* What you should do: Only the lines below from the one that contains "Полотенце махровое BIO-TEXTILES" through the one that contains "电脑弹出:此此程序出现致命错" should appear in your answer, exact and without pictures.

[Dataset items]
============================================================

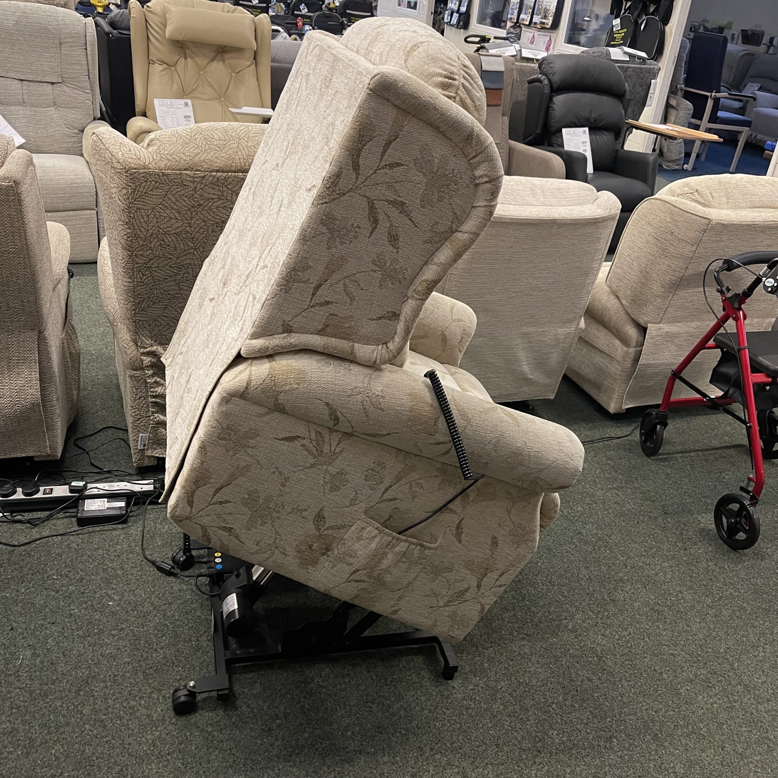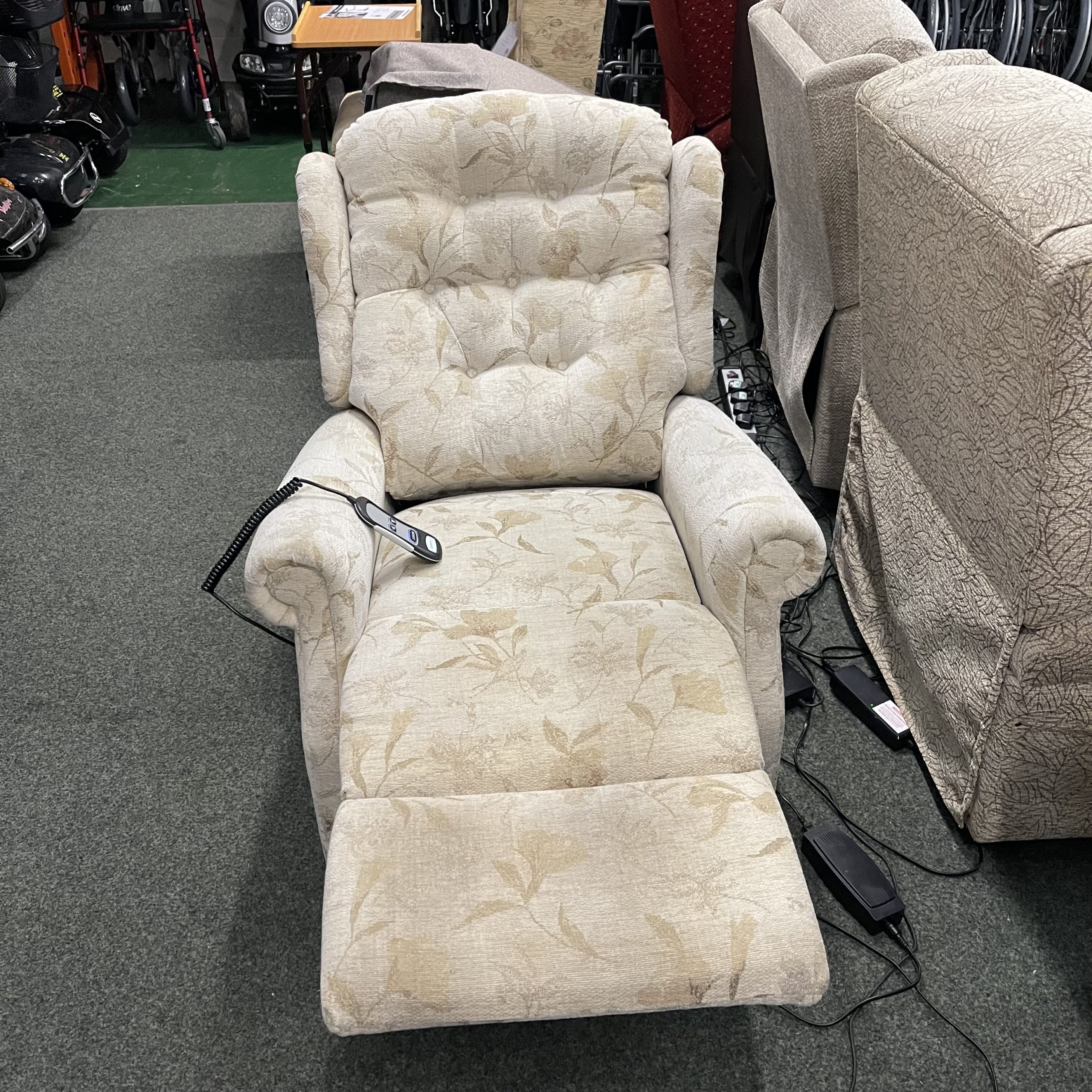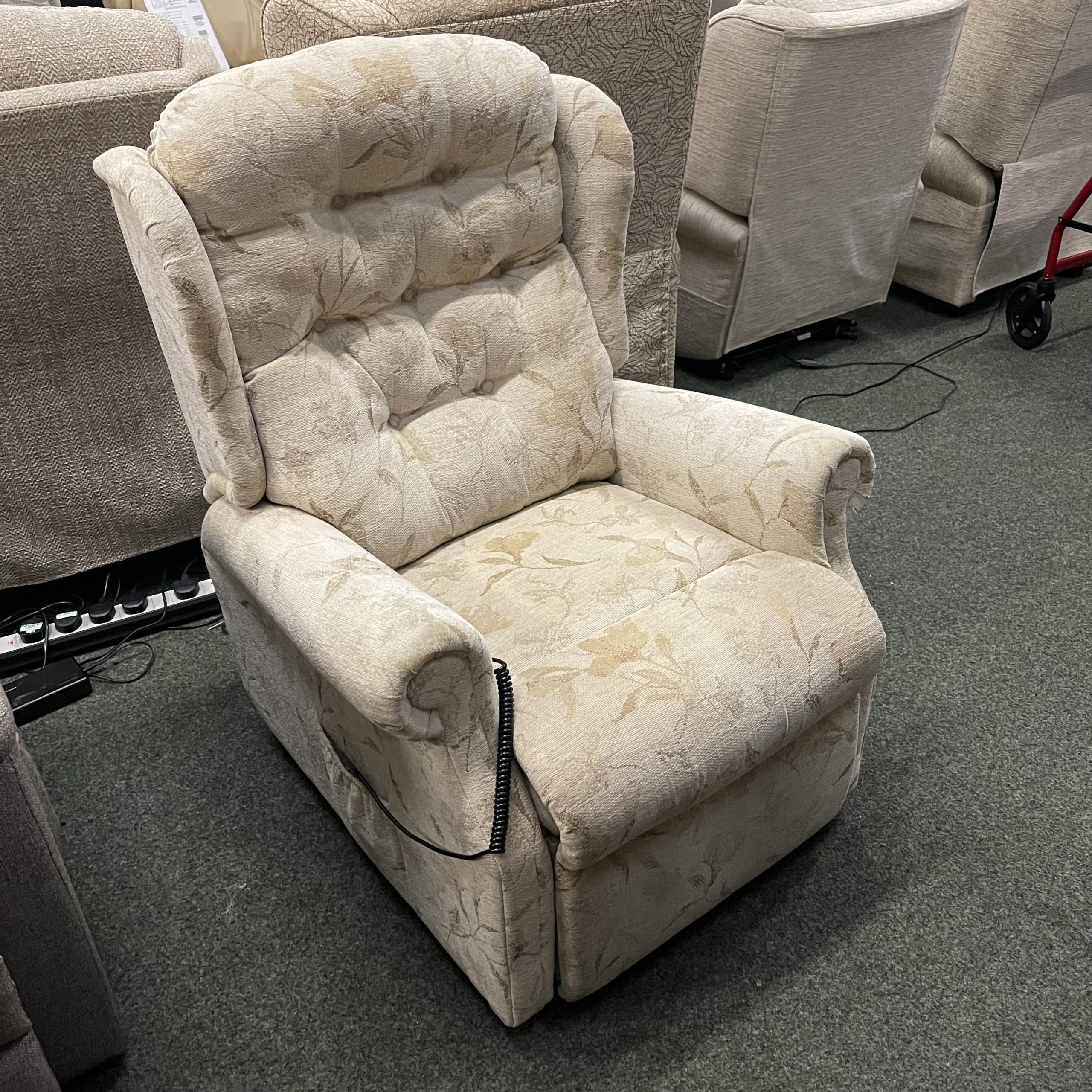 This is a reconditioned Celebrity Rise and Recliner. The chair has a button back, and has a Single Motor: The Single Motor action allows the footrest to raise to its top level, the chair back will then start to recline. The rising action will lift the chair to enable the user to exit or access the chair with ease. This chair is finished in a Floral Cream patterned Fabric.
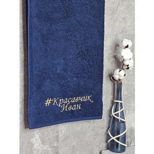 Полотенце махровое BIO-TEXTILES 70*140 с вышивкой #КРАСАВЧИК Иван темно-синее для мужчины мужу папе брату сыну банное в подарок 100% хлопок подарок на 14 февраля Святое Валентина для парочек
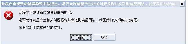 电脑弹出:此此程序出现致命错误导致非法退出,是否允许瑞星产生相关问题报告发送到瑞星网站,以便我们分析解决此问题.
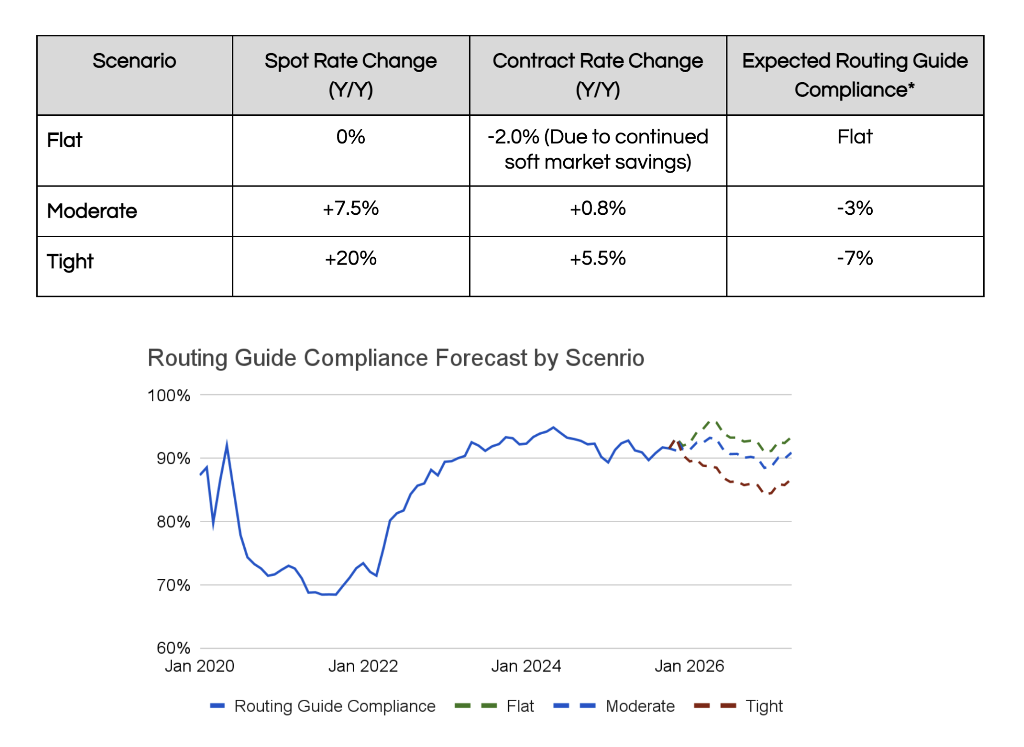 Utilizing our extensive dataset—which includes $20 billion in Freight Under Management, data from hundreds of carriers and shippers, and millions of truckload shipments—we developed forecasts for contract rates and routing guide compliance under each scenario:
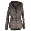 Dámský hnědý prošívaný kabát s páskem a límcem S

============================================================

* Completed task:
 Полотенце махровое BIO-TEXTILES 70*140 с вышивкой #КРАСАВЧИК Иван темно-синее для мужчины мужу папе брату сыну банное в подарок 100% хлопок подарок на 14 февраля Святое Валентина для парочек
 电脑弹出:此此程序出现致命错误导致非法退出,是否允许瑞星产生相关问题报告发送到瑞星网站,以便我们分析解决此问题.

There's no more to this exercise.